[WHAT IS EXPECTED] The required output is the lines below from the line containing "Finally, Lucy Liu" to the line containing "This Balsamic Chicken", inclusive, retyped exactly. No other lines belong in it.

[RECORDS SUPPLIED]
-----
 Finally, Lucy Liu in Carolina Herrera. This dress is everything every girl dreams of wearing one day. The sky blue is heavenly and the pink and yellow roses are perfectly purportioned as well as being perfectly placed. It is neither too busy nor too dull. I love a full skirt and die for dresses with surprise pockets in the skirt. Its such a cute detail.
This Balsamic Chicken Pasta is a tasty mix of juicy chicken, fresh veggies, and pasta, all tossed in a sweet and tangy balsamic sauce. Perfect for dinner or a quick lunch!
-----
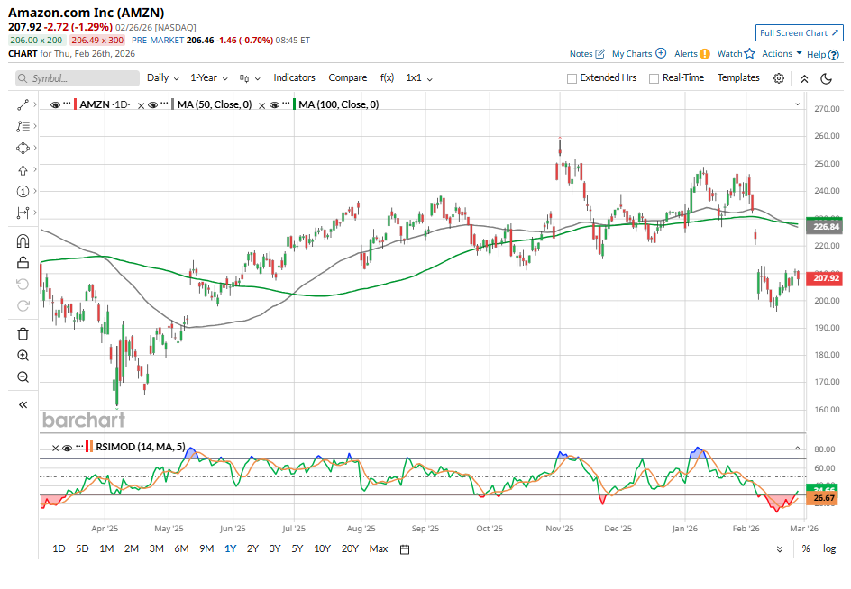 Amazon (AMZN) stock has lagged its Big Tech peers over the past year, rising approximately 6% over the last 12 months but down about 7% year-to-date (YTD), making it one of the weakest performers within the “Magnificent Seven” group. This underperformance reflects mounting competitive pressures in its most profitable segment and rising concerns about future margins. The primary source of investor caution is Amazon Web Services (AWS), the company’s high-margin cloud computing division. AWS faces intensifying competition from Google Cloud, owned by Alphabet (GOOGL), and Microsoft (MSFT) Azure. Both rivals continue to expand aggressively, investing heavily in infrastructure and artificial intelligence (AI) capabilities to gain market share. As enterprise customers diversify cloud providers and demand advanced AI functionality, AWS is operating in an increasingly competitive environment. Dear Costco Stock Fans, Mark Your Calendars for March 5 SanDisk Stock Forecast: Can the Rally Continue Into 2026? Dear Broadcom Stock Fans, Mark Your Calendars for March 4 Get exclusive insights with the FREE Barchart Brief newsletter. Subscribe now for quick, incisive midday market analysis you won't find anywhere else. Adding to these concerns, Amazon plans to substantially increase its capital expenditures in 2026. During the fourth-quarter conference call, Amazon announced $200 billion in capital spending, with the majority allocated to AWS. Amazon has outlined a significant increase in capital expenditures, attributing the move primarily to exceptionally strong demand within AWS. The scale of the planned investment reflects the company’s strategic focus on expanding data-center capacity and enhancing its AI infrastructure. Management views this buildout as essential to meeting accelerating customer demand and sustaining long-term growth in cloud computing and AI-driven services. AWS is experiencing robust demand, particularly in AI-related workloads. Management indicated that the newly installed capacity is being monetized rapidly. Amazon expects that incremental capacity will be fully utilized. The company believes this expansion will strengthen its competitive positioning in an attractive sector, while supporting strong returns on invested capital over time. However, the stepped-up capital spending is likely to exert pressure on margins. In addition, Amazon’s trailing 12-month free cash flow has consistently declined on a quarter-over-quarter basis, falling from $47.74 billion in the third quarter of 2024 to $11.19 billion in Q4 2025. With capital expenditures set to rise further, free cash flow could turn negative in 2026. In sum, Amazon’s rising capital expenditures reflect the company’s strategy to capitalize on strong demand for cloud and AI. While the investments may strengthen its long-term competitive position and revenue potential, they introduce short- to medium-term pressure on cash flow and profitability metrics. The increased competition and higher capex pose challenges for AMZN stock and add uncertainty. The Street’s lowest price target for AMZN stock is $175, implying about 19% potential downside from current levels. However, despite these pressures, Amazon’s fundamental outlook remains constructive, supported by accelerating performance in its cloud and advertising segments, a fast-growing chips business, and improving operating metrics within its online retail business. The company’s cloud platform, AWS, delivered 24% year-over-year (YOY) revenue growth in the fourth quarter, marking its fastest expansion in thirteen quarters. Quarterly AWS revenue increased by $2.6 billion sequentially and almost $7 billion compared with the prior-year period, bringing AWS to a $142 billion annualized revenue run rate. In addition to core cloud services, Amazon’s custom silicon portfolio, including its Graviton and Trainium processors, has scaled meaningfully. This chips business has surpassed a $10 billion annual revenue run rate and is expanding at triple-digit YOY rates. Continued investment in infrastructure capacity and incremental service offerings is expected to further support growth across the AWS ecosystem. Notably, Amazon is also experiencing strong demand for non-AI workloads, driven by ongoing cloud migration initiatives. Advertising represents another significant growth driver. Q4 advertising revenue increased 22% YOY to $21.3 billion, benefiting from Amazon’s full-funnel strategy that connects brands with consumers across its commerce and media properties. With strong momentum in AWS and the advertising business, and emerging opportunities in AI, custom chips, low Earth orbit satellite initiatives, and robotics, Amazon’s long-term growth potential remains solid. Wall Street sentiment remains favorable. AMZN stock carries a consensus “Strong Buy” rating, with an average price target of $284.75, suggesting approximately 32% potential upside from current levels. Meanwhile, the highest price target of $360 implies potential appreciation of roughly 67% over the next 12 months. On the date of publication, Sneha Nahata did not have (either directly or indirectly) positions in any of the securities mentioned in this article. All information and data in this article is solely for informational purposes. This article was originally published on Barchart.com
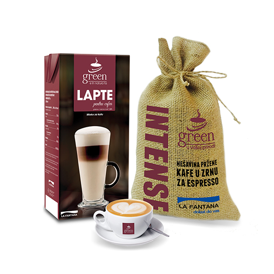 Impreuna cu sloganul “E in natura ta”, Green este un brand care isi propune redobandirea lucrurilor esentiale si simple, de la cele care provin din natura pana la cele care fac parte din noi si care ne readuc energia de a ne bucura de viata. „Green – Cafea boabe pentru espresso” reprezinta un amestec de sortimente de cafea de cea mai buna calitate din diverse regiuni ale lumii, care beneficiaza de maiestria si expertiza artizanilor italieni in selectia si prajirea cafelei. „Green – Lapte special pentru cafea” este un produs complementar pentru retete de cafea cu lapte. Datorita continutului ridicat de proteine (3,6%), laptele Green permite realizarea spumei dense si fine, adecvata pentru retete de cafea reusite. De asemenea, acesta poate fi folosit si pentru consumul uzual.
-----
[RESPONSE BELOW]
 Finally, Lucy Liu in Carolina Herrera. This dress is everything every girl dreams of wearing one day. The sky blue is heavenly and the pink and yellow roses are perfectly purportioned as well as being perfectly placed. It is neither too busy nor too dull. I love a full skirt and die for dresses with surprise pockets in the skirt. Its such a cute detail.
This Balsamic Chicken Pasta is a tasty mix of juicy chicken, fresh veggies, and pasta, all tossed in a sweet and tangy balsamic sauce. Perfect for dinner or a quick lunch!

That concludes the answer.